The SAO and Kelvin waves in the EuroGRIPS GCMS and the UK Met. Office analyses

We compare the tropical oscillations and planetary scale Kelvin waves in four troposphere-stratosphere climate models and the assimilated dataset produced by the United Kingdom Meteorological Office (UKMO). The comparison has been made in the GRIPS framework "GCM-Reality Intercomparison Project for SPARC", where SPARC is Stratospheric Processes and their Role in Climate, a project of the World Climate Research Program. The four models evaluated are European members of GRIPS: the UKMO Unified Model (UM), the model of the Free University in Berlin (FUB-GCM), the ARPEGE-climat model of the French National Centre for Meteorological Research (CNRM), and the Extended UGAMP GCM (EUGCM) of the Centre for Global Atmospheric Modelling (CGAM). The integrations were performed with different, but annually periodic external conditions (e.g., sea-surface temperature, sea ice, and incoming solar radiation).
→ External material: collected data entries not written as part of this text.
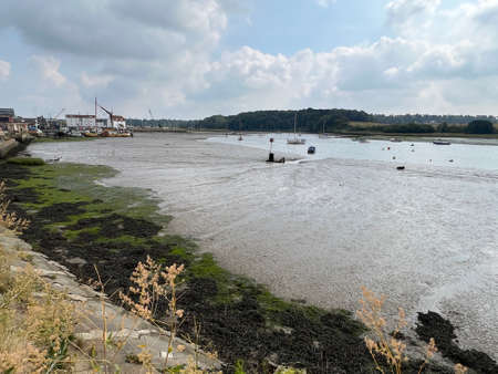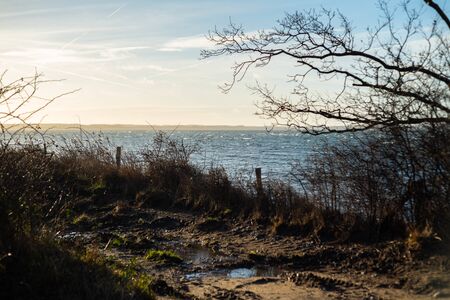 Oyster beach on to coastal area of lake Grevelingenmeer near the city of Scharendijke. Coastal landscape with oyster shells, blue sky and sailing boats on the lake. Zeeland, the Netherlands.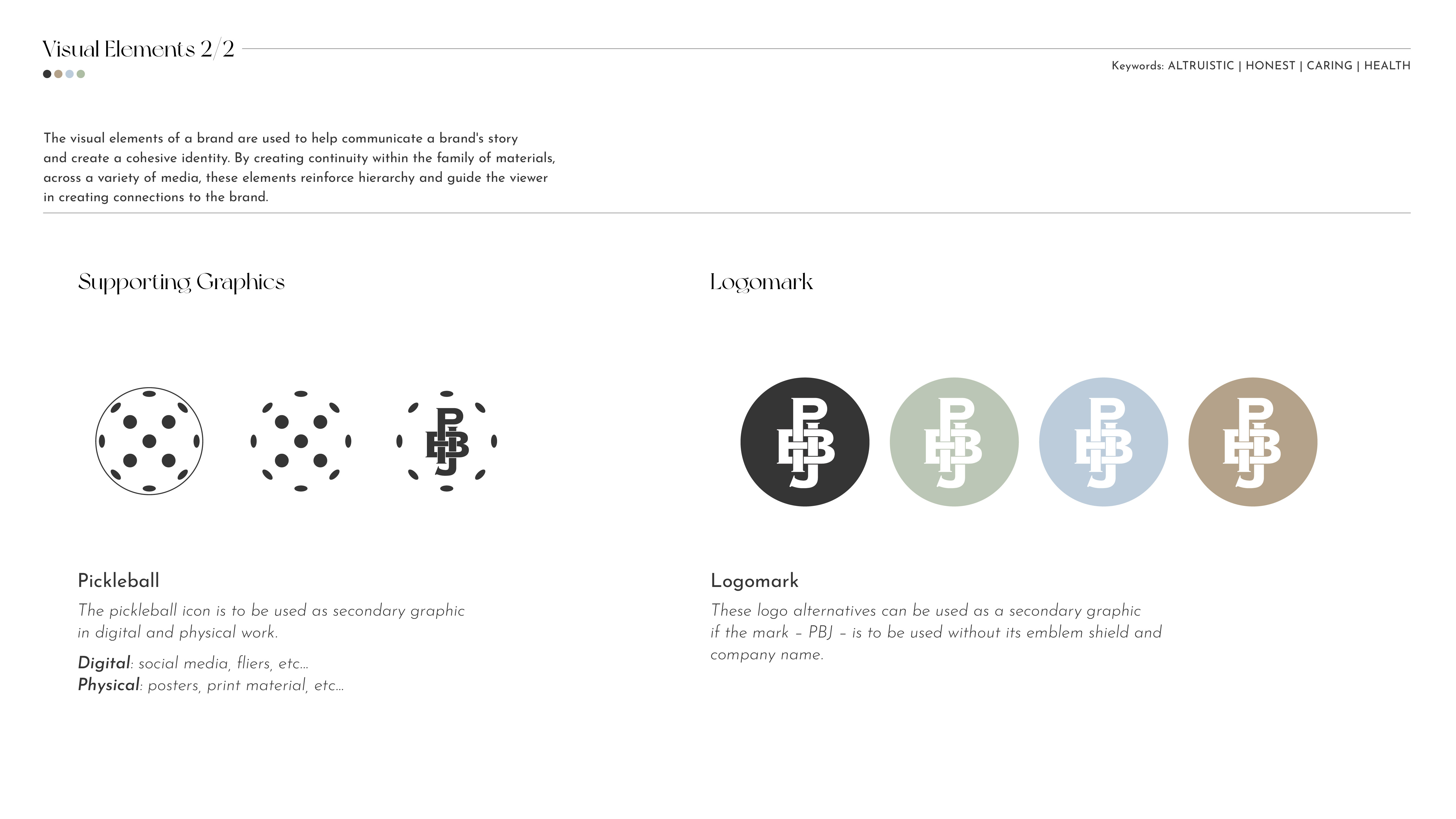 Pickleball Joy’s brand guidelines are designed to capture the energy, inclusivity, and playfulness of the sport while maintaining a clean, cohesive visual identity. The system balances bold, modern design with approachable, human elements—making the brand feel both active and welcoming. These guidelines ensure that whether Pickleball Joy appears on apparel, digital platforms, or in-person events, it always communicates movement, community, and joy in a consistent and recognizable way.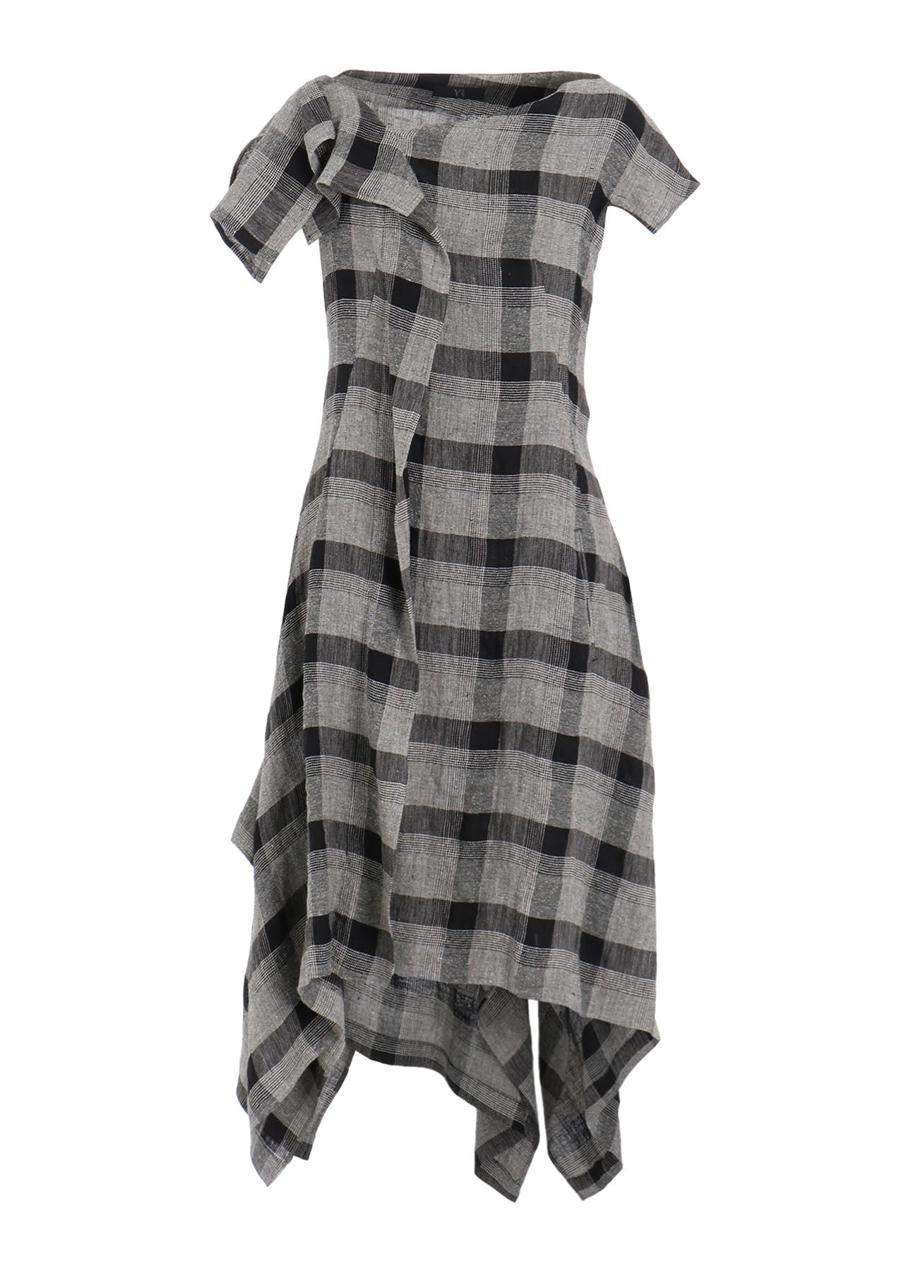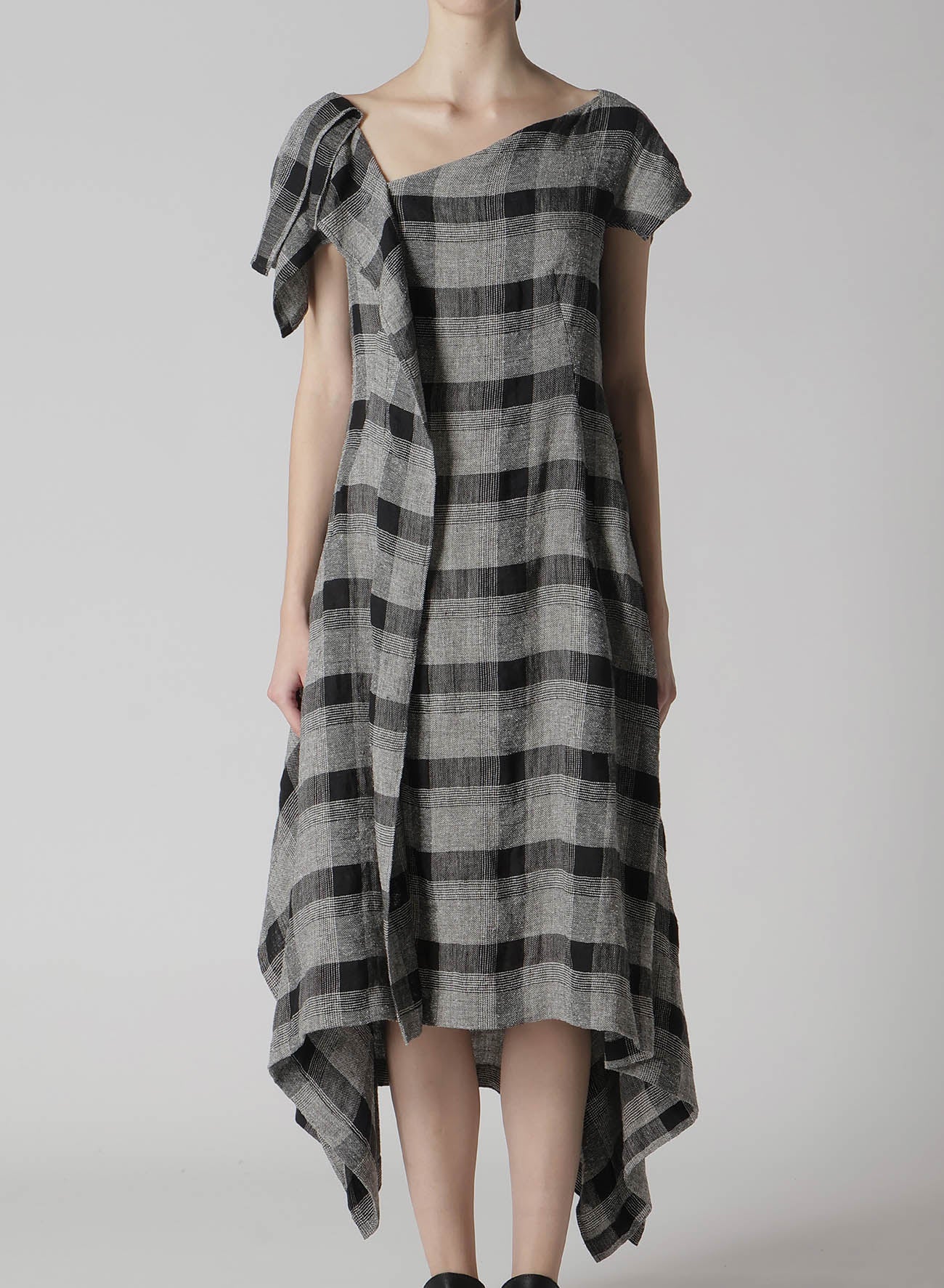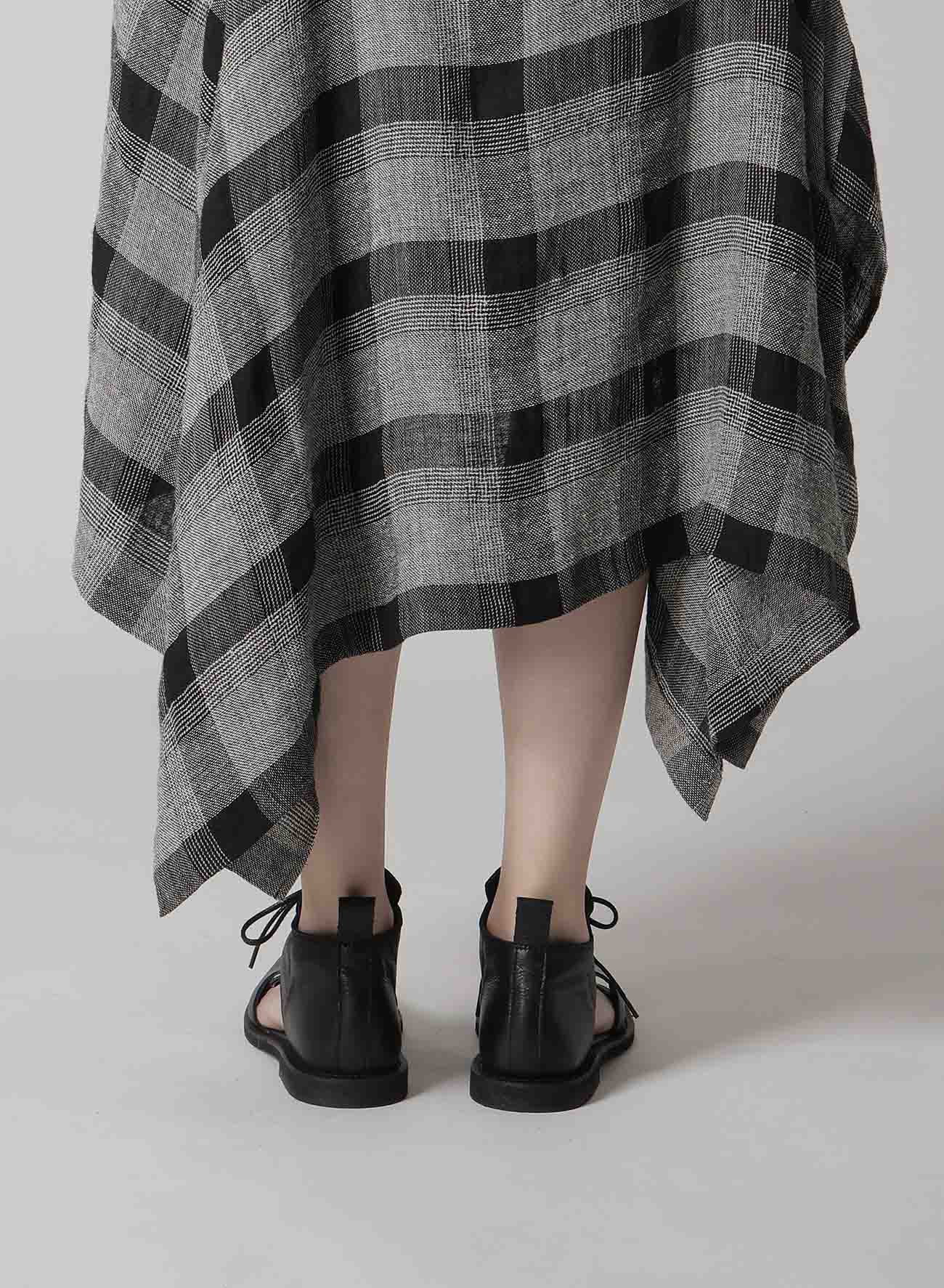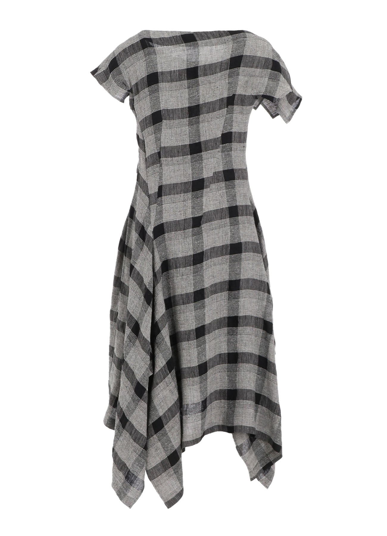 LINEN/SILK PLAID HANDKERCHIEF HEM DRESS

The structure of the tropical winds and the strengths of the Kelvin waves are examined. In the analyses where the SAO (Semi-Annual Oscillation) and the QBO (Quasi-Biennal Oscillation) are reasonably well captured, the amplitude of these analysed Kelvin waves is close to that observed in independent data from UARS (Upper Atmosphere Research Satellite). In agreement with observations, the Kelvin waves generated in the models propagate into the middle atmosphere as wave packets, consistent with a convective forcing origin. In three of the models, slow Kelvin waves propagate too high and their amplitudes are overestimated in the upper stratosphere and in the mesosphere, the exception is the UM which has weaker waves. None of the modelled waves are sufficient to force realistic eastward phases of the QBO or SAG. Although the SAO is represented by all models, only two of them are able to generate westerlies between 10 hPa and 50 hPa. The importance of the role played in the SAO by unresolved gravity waves is emphasized. Although it exhibits some unrealistic features, the EUGCM, which includes a parametrization of gravity waves with a non-zero phase speed, is able to simulate clear easterly to westerly transitions as well as westerlies with downward propagation. Thermal damping is also important for the westerly forcing in the stratosphere.